Chef Duy Van Pham may be Vietnamese, but his food couldn't be more French if he were cooking at Le Cordon Bleu. Pham has settled in at Tante Louise very nicely, helping the old aunt preserve her thirty-year-old reputation for serving the best French food in town. From the charcuterie plate to the fruit tarts, a meal at the AAA four-diamond and Mobil four-star Tante Louise includes everything from haute to not, with a bit of American and Asian whimsy thrown in for good measure. Try the délices françaises of garlic confit white-bean soup, lobster mashed potatoes and foie-gras-stuffed tenderloin, and don't be afraid to ask sommelier Emma Healion for a wine recommendation from her 600-bottle roster. Enjoy your meal in the romantic, elegant atmosphere of a French country inn just minutes from downtown.


Get your mojo working at Cuba Cuba, Denver's first totally Cuban restaurant. Owners Kristy Socarras Bigelow, her husband, Brian Bigelow, and her brother, Enrique Socarras, have turned two side-by-side, pre-1880 dwellings in the Golden Triangle into party central, with one house looking like a casual, convivial replica of the Casablanca set, complete with palm-frond fans and a bright, open-air feel, and the other transformed into a bongo-lined bar. The drink of choice is a mojito, made from rum, fresh mint leaves, a splash of lime and plenty of sugar, and the recipes -- from Enrique (the siblings are Cuban) -- focus on the breezier, fruit-focused foods of Cuba. Have fun with the plantain chips and shrimp appetizers, but save room for the sugary tres leches at dessert.

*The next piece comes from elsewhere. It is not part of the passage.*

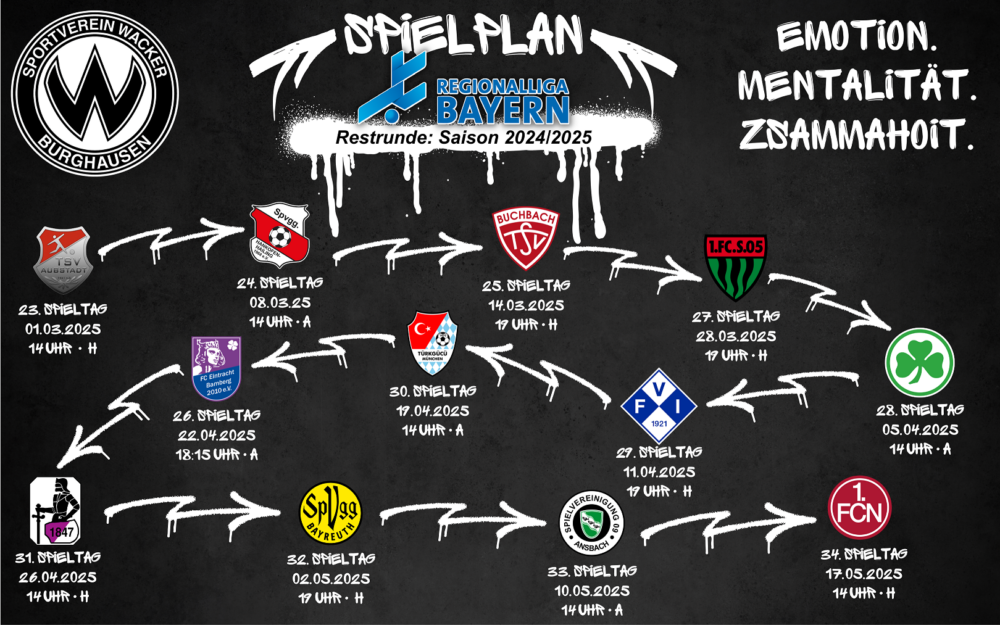 Sieben Heimspiele und fünf Auswärtsspiele! Am Samstag, den 01. März 2025 startet der SV Wacker Burghausen um 14 Uhr vor heimischer Kulisse in der Wacker-Arena gegen den Tabellennachbarn TSV Aubstadt in die Regionalliga Bayern-Restrunde der Saison 2024/2025. Tickets für das erste Ligaspiel nach der Winterpause sind bereits im Online-Shop verfügbar (-> zum Ticketshop)! Nach 22 absolvierten Partien befinden sich die Salzachstädter mit 30 Punkten sowie 33:32 Toren auf dem achten Tabellenplatz und damit – bei einem absolvierten Spiel mehr – zwei Punkte vor den Aubstädtern. Offen ist jedoch noch das finale Urteil hinsichtlich der Spielwertung gegen den TSV Schwaben Augsburg aus dem Oktober, das nach dem Einspruch der Schwabenritter noch nicht final entschieden wurde (-> zum ausführlichen Bericht). Der TSV Schwaben Augsburg legte daraufhin Einspruch gegen dieses Urteil ein, weshalb das Verfahren aktuell noch offen und nicht final abgeschlossen ist. Die Restrunde hat einige sportliche Highlights parat: In der Wacker-Arena gastieren neben dem TSV Aubstadt auch noch der TSV Buchbach (14. März 2025), der Tabellenführer 1. FC Schweinfurt 05 (28. März 2025), der FV Illertissen (11. April 2025), der TSV Schwaben Augsburg (26. April 2025), die SpVgg Bayreuth (02. Mai 2025) und der 1. FC Nürnberg II (17. Mai 2025).

As Latin-food lovers race to the new South American spots cropping up across town like plantains in a tropical heat wave, savvy south-of-the-border aficionados continue to savor the culinary carnaval that is Café Brazil. The only thing zestier than the colorful decor in this tiny, fascinating space is the food, from the fab fejoida (Brazil's national dish) to the particularly luscious flan. Entrees are substantial and always surrounded by rice, steamed vegetables and fresh fruit; if that's not enough food, moist banana bread and savory cheese buns come with the meal, and the spicy black-bean soup and killer calamari appetizers make nice add-ons. The close quarters make the dining room as intimate or as raucous as you'd like, but be sure to make reservations -- Denver loves this Latin a lot.